- Born: 19 May 1885 Almora, United Province, British India (present Uttarakhand, India)
- Died: 18 May 1957 (aged 71)
- Occupation: Lawyer
- Political party: Indian National Congress

= Hargovind Pant =

Indian politician

Hargovind Pant ( 19 May 1885 – 18 May 1957) was a freedom fighter and founder of the Kumaon Parishad political group in 1915. He was a member of the Constituent Assembly of India where he represented the interests of the hill districts of United Province. He was elected deputy speaker of the United Provinces legislature on 4 January 1951.

Hargovind Pant was born in a brahmin family to Anandi Devi and Pandit Dharmanand Pant on 19 May 1885. He was raised in the Himalayas when Indian Nationalism had taken root in the minds of educated Indian people, a development pregnant with revolutionary potentialities.

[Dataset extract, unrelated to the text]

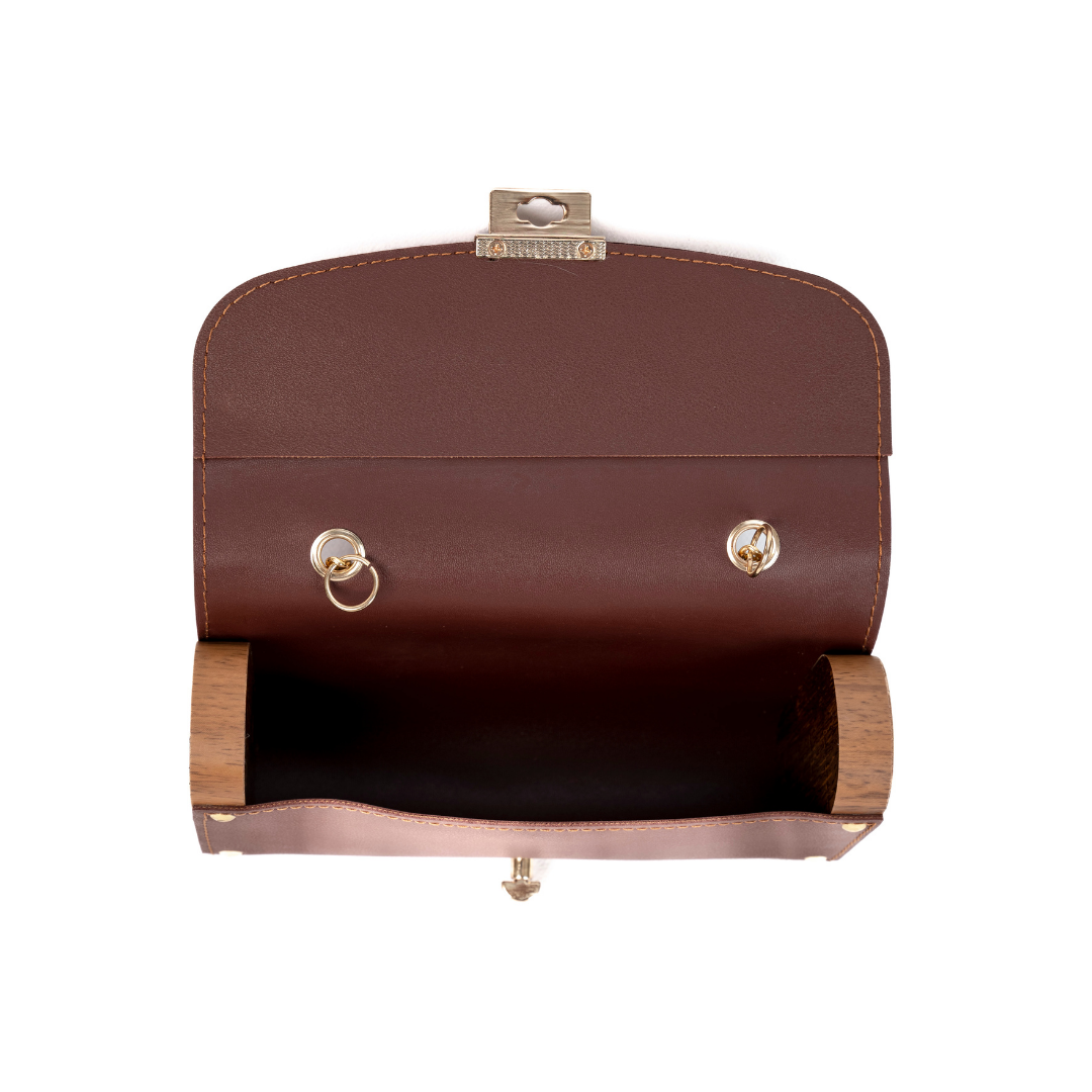 Additional Description:Â Stay stylish and sustainable with our eco-friendly Cedar bag featuring chic wooden sides.nComes with a long strap as well.nnDimensions : nLength: 8.5 in”nWidth: 02 in”nHeight: 04 in”n

He passed his intermediate examination in the first division in 1905 from Govt College of Almora. He graduated from Muir Central College Allahabad and subsequently got his L.L.B. degree from School of Law, Allahabad in the year 1909.

Pant started his law practice in the year 1910 at Ranikhet. He contributed lavishly for starting local papers with nationalistic ideas so that the masses could be educated and informed about political awakening in the country and he himself started Kumaon Parishad, the first political organisation in Uttarakhand.